(Photo: J. Maus/BikePortland)
Portland’s Off-road Cycling Master Plan got a shot in the arm today from an influential city advisory committee.
The Portland Parks Board expressed strong support for the plan in a letter to Bureau of Planning and Sustainability Project Manager Tom Armstrong. The letter clears the way for Portland City Council to approve the plan — and to push back against those who are using false narratives to oppose it. The Parks Board has dismissed two of the main talking points of people trying to stop the plan: That that off-road cycling is incompatible with nature and that it can’t be done safely in an urban environment.
The letter (PDF), dated April 11th, comes after the Board received hundreds of public comments and hosted a special meeting on the plan earlier this month.

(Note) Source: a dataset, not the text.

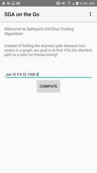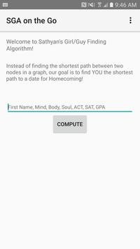 Sathyan Girl/Guy-finding Algorithm (SGA) is a project inspired by the complications high school students face during Homecoming, Prom, and other events. It might be your first dance, and you really want to ask someone to it, but alas! Who to ask? Perhaps you have a general idea of 4 or 5 potential candidates, but there's no way you can decide between them! The answer to all your matchmaking woes lies in SGA.

Signed by Parks Board Chair Patricia Frobes, the letter outlined a few relatively minor concerns and said the Board is “generally supportive” of the plan because it is, “a good conceptual road map for a city-wide system of off-road cycling.” And that system, Frobes wrote, should include even more places to ride. “Although the ORCMP proposes a good locational mix of bicycle parks,” she wrote, “it proposes no new urban off-road cycling trails on the west side. Further, the ORCMP does not adequately identify opportunities to connect parks to parks, parks to schools and parks to trails.”